» **Exercise details**:
For every record, give an exact copy that has no pictures in it.

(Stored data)
================

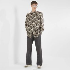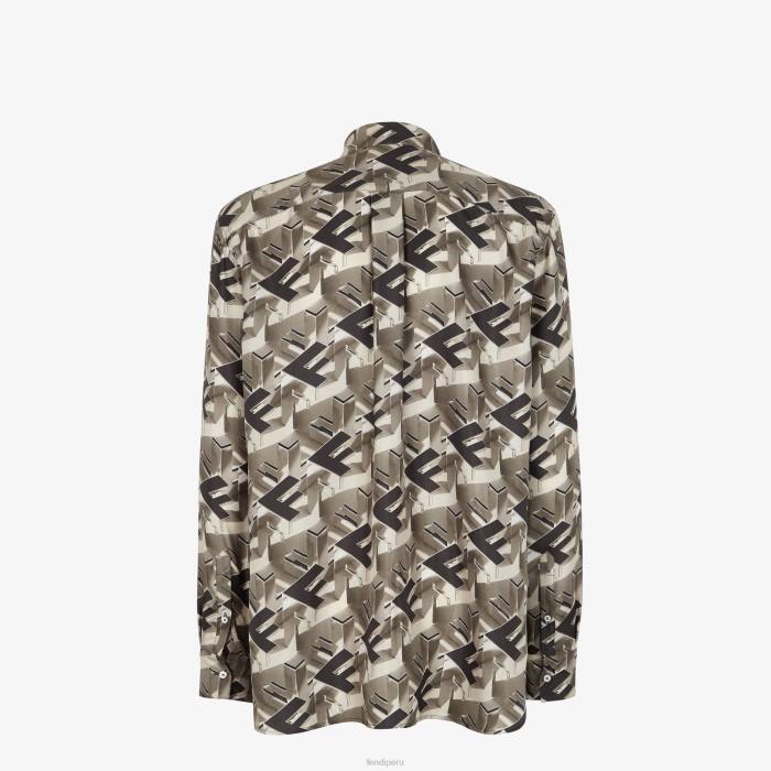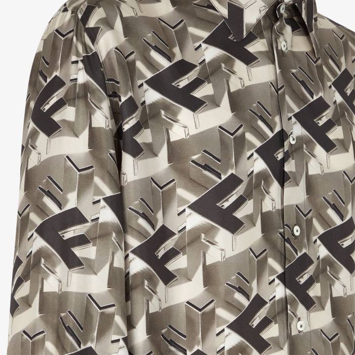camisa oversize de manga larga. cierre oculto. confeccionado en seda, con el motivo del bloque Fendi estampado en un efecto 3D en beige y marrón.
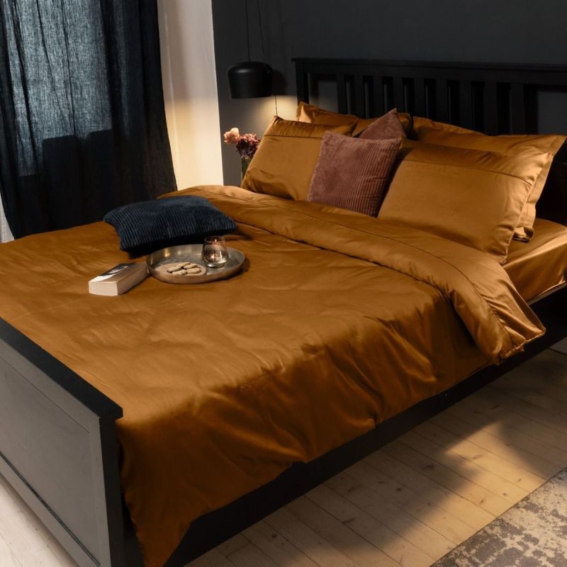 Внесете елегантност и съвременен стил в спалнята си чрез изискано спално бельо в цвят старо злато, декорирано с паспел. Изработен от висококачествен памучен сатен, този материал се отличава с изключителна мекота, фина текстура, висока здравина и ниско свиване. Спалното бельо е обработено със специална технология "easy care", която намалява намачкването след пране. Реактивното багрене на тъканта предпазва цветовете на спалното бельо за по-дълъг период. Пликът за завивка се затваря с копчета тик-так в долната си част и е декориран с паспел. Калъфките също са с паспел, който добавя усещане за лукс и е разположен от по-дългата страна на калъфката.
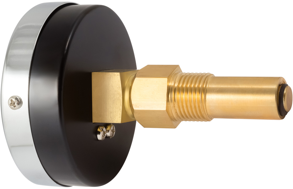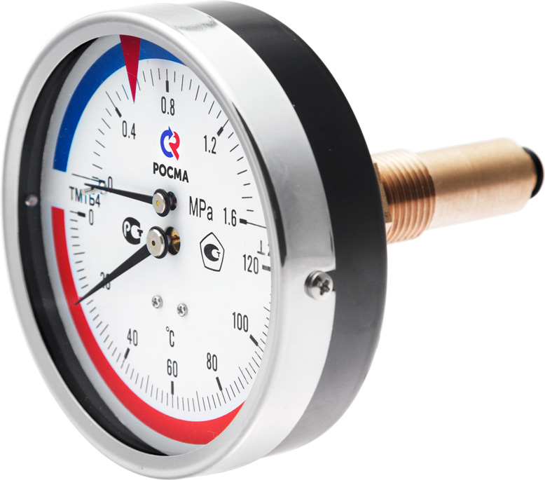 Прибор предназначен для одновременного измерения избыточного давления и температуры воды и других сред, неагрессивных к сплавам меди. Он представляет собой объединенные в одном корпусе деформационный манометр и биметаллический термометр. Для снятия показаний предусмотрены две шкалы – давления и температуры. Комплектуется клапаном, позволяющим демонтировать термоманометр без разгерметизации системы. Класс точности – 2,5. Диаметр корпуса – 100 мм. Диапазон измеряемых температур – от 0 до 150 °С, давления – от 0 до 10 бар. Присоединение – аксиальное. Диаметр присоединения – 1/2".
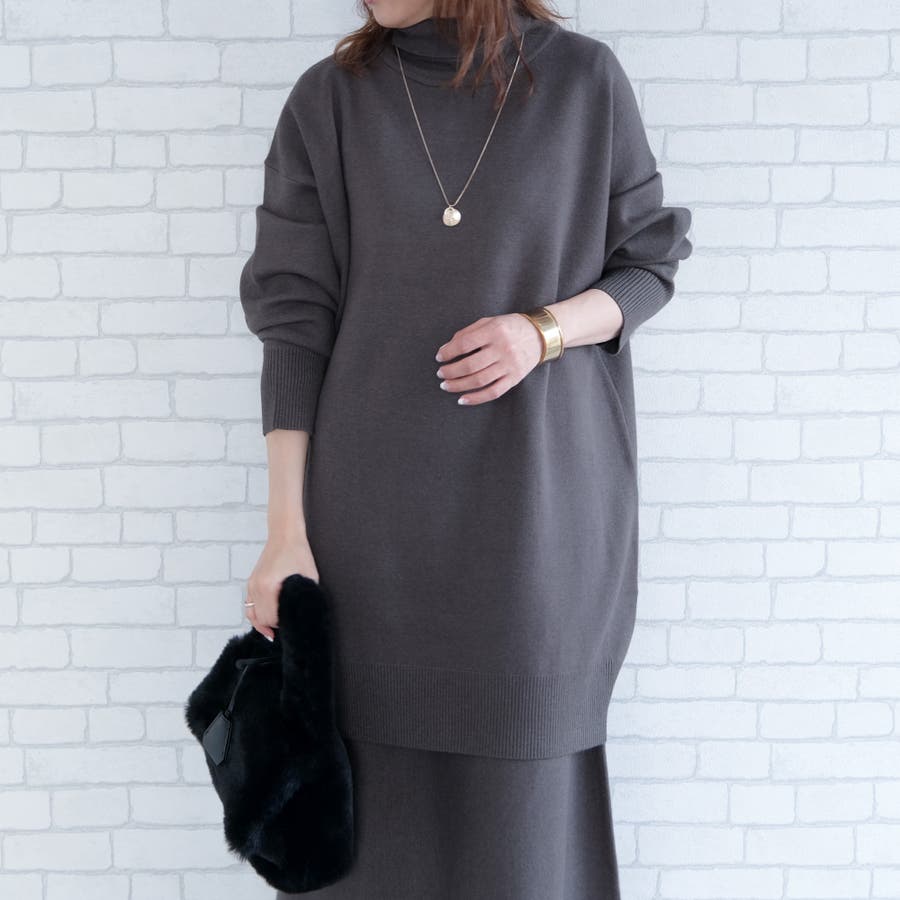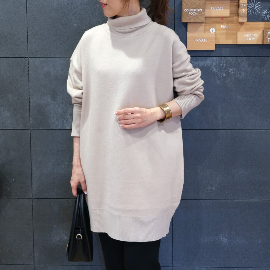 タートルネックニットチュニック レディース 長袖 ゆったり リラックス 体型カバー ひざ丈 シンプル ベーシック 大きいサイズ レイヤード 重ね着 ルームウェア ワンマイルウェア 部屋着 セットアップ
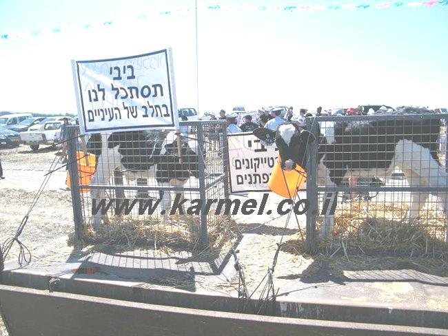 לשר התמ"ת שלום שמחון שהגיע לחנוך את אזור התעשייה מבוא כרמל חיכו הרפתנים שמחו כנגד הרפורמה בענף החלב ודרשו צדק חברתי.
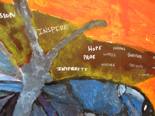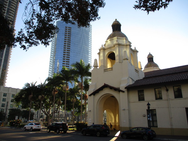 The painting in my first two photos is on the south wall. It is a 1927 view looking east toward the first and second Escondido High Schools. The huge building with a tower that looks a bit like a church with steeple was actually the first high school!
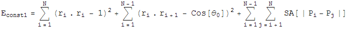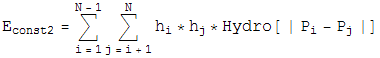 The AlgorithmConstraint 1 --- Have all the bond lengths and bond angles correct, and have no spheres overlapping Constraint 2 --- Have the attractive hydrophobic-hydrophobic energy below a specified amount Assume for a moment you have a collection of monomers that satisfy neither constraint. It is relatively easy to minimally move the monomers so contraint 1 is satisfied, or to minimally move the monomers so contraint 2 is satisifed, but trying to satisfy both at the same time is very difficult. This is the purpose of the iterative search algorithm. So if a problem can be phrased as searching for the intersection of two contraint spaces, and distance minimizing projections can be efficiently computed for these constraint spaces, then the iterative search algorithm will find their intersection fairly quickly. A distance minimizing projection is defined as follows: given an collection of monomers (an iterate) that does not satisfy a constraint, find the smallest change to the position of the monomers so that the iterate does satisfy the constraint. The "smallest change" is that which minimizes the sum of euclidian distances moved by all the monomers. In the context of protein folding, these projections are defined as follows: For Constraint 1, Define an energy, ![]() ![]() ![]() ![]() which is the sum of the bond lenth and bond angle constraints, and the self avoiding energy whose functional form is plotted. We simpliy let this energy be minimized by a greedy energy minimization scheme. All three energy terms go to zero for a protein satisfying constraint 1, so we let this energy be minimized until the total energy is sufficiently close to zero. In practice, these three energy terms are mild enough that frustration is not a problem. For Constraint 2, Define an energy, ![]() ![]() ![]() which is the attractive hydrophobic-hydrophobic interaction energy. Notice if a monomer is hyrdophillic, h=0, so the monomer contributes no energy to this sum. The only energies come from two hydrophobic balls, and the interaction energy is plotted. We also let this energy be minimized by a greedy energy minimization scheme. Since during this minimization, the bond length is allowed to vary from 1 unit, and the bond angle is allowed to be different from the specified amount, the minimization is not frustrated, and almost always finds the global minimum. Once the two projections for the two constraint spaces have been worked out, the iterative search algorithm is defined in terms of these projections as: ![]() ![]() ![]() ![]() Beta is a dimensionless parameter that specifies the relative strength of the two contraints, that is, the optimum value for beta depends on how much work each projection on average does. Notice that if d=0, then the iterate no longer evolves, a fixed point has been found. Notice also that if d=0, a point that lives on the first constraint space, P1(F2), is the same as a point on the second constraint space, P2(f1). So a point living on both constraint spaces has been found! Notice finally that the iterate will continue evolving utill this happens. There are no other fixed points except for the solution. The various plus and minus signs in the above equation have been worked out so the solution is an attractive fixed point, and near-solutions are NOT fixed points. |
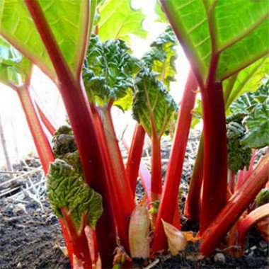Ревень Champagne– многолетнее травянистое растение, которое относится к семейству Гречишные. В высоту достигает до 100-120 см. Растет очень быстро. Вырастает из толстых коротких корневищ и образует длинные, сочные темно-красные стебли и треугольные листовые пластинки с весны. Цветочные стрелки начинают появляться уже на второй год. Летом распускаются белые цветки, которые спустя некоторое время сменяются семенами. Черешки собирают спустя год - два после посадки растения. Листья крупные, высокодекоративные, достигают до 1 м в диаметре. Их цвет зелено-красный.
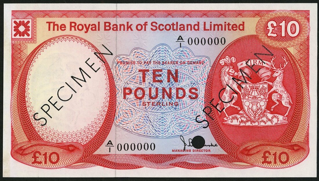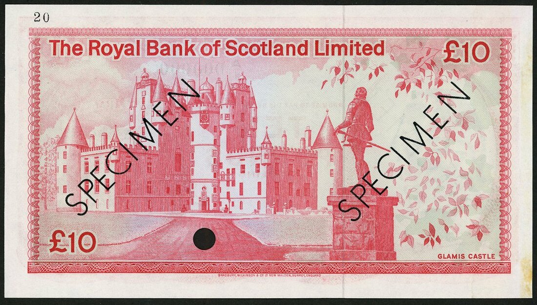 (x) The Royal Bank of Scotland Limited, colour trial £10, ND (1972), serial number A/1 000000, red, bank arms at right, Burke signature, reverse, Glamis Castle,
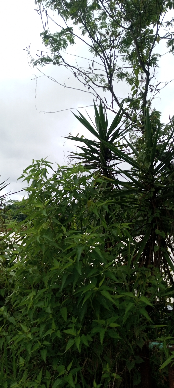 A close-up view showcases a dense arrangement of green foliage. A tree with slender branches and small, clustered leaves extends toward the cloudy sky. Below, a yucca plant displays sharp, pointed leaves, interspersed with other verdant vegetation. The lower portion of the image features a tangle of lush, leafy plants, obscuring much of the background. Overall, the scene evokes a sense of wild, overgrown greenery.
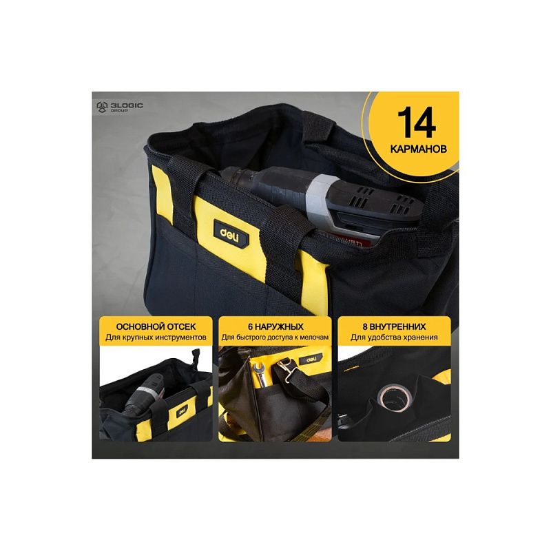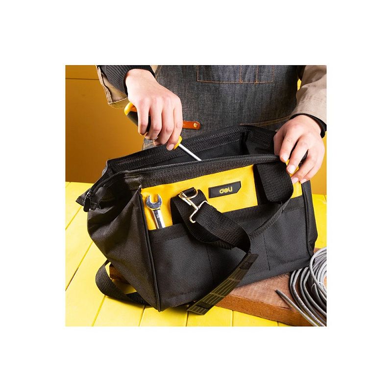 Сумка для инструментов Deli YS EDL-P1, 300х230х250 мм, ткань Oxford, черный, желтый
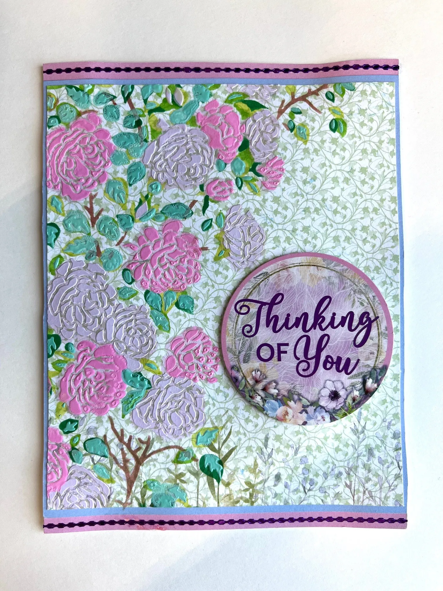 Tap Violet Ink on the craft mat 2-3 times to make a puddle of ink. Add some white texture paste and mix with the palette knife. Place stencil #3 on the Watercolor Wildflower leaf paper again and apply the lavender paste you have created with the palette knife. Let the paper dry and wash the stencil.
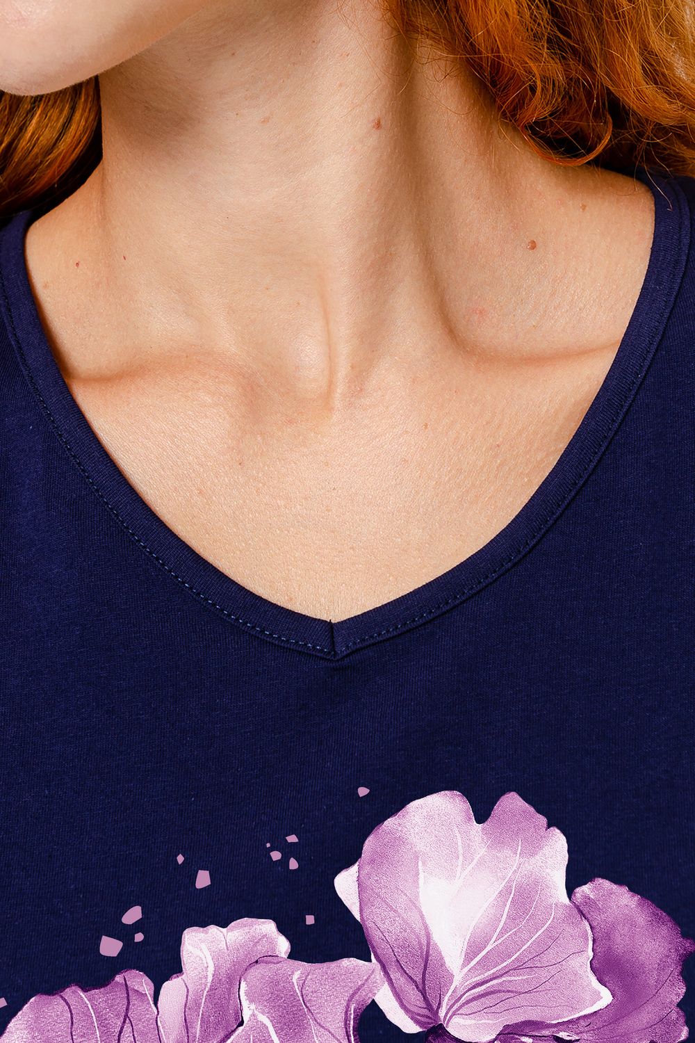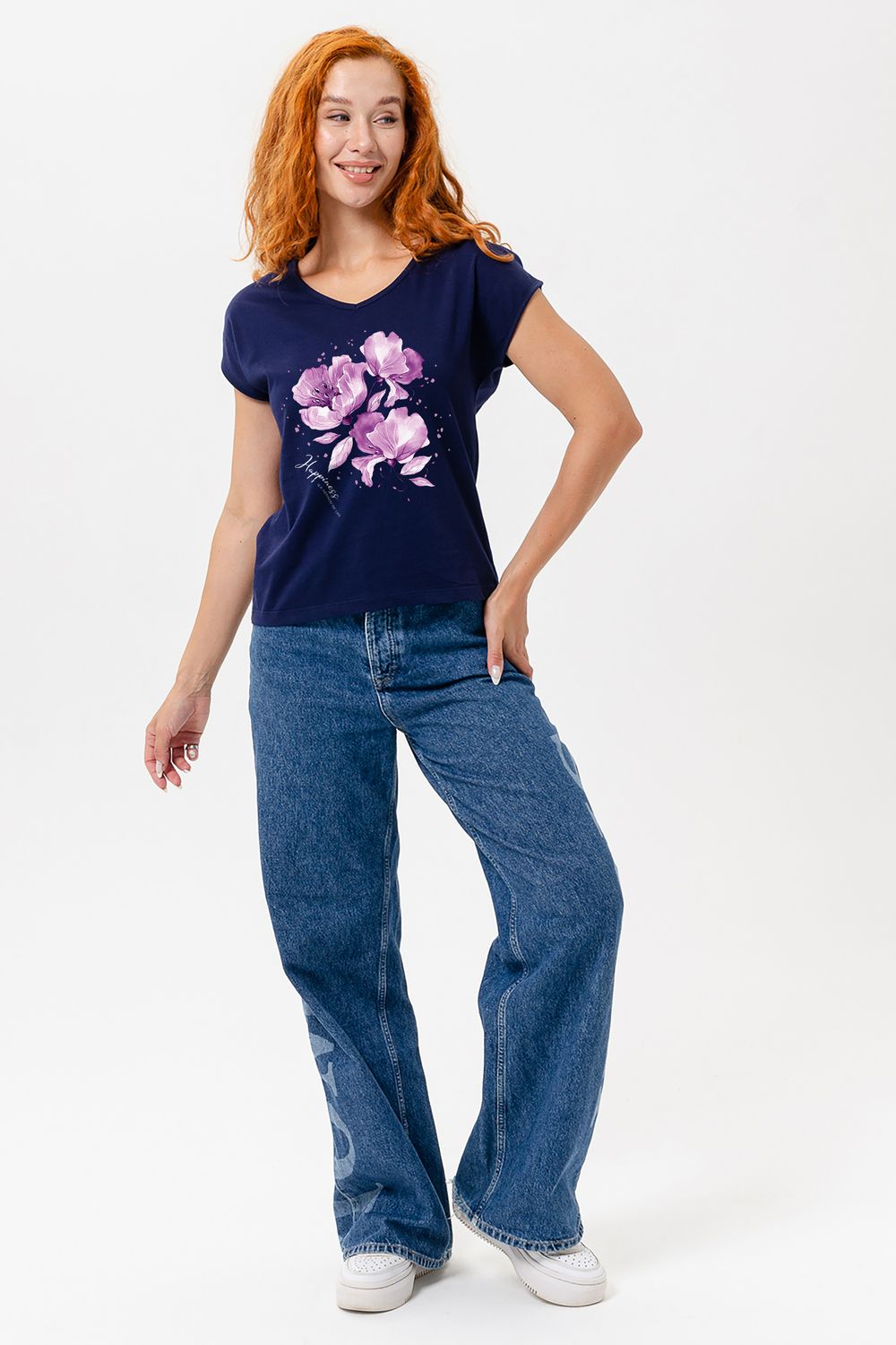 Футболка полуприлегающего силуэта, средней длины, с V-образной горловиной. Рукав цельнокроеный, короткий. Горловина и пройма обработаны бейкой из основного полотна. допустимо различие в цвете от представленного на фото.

================

» **Answer to the exercise**:
camisa oversize de manga larga. cierre oculto. confeccionado en seda, con el motivo del bloque Fendi estampado en un efecto 3D en beige y marrón.
 Внесете елегантност и съвременен стил в спалнята си чрез изискано спално бельо в цвят старо злато, декорирано с паспел. Изработен от висококачествен памучен сатен, този материал се отличава с изключителна мекота, фина текстура, висока здравина и ниско свиване. Спалното бельо е обработено със специална технология "easy care", която намалява намачкването след пране. Реактивното багрене на тъканта предпазва цветовете на спалното бельо за по-дълъг период. Пликът за завивка се затваря с копчета тик-так в долната си част и е декориран с паспел. Калъфките също са с паспел, който добавя усещане за лукс и е разположен от по-дългата страна на калъфката.
 Прибор предназначен для одновременного измерения избыточного давления и температуры воды и других сред, неагрессивных к сплавам меди. Он представляет собой объединенные в одном корпусе деформационный манометр и биметаллический термометр. Для снятия показаний предусмотрены две шкалы – давления и температуры. Комплектуется клапаном, позволяющим демонтировать термоманометр без разгерметизации системы. Класс точности – 2,5. Диаметр корпуса – 100 мм. Диапазон измеряемых температур – от 0 до 150 °С, давления – от 0 до 10 бар. Присоединение – аксиальное. Диаметр присоединения – 1/2".
 タートルネックニットチュニック レディース 長袖 ゆったり リラックス 体型カバー ひざ丈 シンプル ベーシック 大きいサイズ レイヤード 重ね着 ルームウェア ワンマイルウェア 部屋着 セットアップ
 לשר התמ"ת שלום שמחון שהגיע לחנוך את אזור התעשייה מבוא כרמל חיכו הרפתנים שמחו כנגד הרפורמה בענף החלב ודרשו צדק חברתי.
 The painting in my first two photos is on the south wall. It is a 1927 view looking east toward the first and second Escondido High Schools. The huge building with a tower that looks a bit like a church with steeple was actually the first high school!
 The AlgorithmConstraint 1 --- Have all the bond lengths and bond angles correct, and have no spheres overlapping Constraint 2 --- Have the attractive hydrophobic-hydrophobic energy below a specified amount Assume for a moment you have a collection of monomers that satisfy neither constraint. It is relatively easy to minimally move the monomers so contraint 1 is satisfied, or to minimally move the monomers so contraint 2 is satisifed, but trying to satisfy both at the same time is very difficult. This is the purpose of the iterative search algorithm. So if a problem can be phrased as searching for the intersection of two contraint spaces, and distance minimizing projections can be efficiently computed for these constraint spaces, then the iterative search algorithm will find their intersection fairly quickly. A distance minimizing projection is defined as follows: given an collection of monomers (an iterate) that does not satisfy a constraint, find the smallest change to the position of the monomers so that the iterate does satisfy the constraint. The "smallest change" is that which minimizes the sum of euclidian distances moved by all the monomers. In the context of protein folding, these projections are defined as follows: For Constraint 1, Define an energy, ![]() ![]() ![]() ![]() which is the sum of the bond lenth and bond angle constraints, and the self avoiding energy whose functional form is plotted. We simpliy let this energy be minimized by a greedy energy minimization scheme. All three energy terms go to zero for a protein satisfying constraint 1, so we let this energy be minimized until the total energy is sufficiently close to zero. In practice, these three energy terms are mild enough that frustration is not a problem. For Constraint 2, Define an energy, ![]() ![]() ![]() which is the attractive hydrophobic-hydrophobic interaction energy. Notice if a monomer is hyrdophillic, h=0, so the monomer contributes no energy to this sum. The only energies come from two hydrophobic balls, and the interaction energy is plotted. We also let this energy be minimized by a greedy energy minimization scheme. Since during this minimization, the bond length is allowed to vary from 1 unit, and the bond angle is allowed to be different from the specified amount, the minimization is not frustrated, and almost always finds the global minimum. Once the two projections for the two constraint spaces have been worked out, the iterative search algorithm is defined in terms of these projections as: ![]() ![]() ![]() ![]() Beta is a dimensionless parameter that specifies the relative strength of the two contraints, that is, the optimum value for beta depends on how much work each projection on average does. Notice that if d=0, then the iterate no longer evolves, a fixed point has been found. Notice also that if d=0, a point that lives on the first constraint space, P1(F2), is the same as a point on the second constraint space, P2(f1). So a point living on both constraint spaces has been found! Notice finally that the iterate will continue evolving utill this happens. There are no other fixed points except for the solution. The various plus and minus signs in the above equation have been worked out so the solution is an attractive fixed point, and near-solutions are NOT fixed points. |
Ревень Champagne– многолетнее травянистое растение, которое относится к семейству Гречишные. В высоту достигает до 100-120 см. Растет очень быстро. Вырастает из толстых коротких корневищ и образует длинные, сочные темно-красные стебли и треугольные листовые пластинки с весны. Цветочные стрелки начинают появляться уже на второй год. Летом распускаются белые цветки, которые спустя некоторое время сменяются семенами. Черешки собирают спустя год - два после посадки растения. Листья крупные, высокодекоративные, достигают до 1 м в диаметре. Их цвет зелено-красный.
 (x) The Royal Bank of Scotland Limited, colour trial £10, ND (1972), serial number A/1 000000, red, bank arms at right, Burke signature, reverse, Glamis Castle,
 A close-up view showcases a dense arrangement of green foliage. A tree with slender branches and small, clustered leaves extends toward the cloudy sky. Below, a yucca plant displays sharp, pointed leaves, interspersed with other verdant vegetation. The lower portion of the image features a tangle of lush, leafy plants, obscuring much of the background. Overall, the scene evokes a sense of wild, overgrown greenery.
 Сумка для инструментов Deli YS EDL-P1, 300х230х250 мм, ткань Oxford, черный, желтый
 Tap Violet Ink on the craft mat 2-3 times to make a puddle of ink. Add some white texture paste and mix with the palette knife. Place stencil #3 on the Watercolor Wildflower leaf paper again and apply the lavender paste you have created with the palette knife. Let the paper dry and wash the stencil.
 Футболка полуприлегающего силуэта, средней длины, с V-образной горловиной. Рукав цельнокроеный, короткий. Горловина и пройма обработаны бейкой из основного полотна. допустимо различие в цвете от представленного на фото.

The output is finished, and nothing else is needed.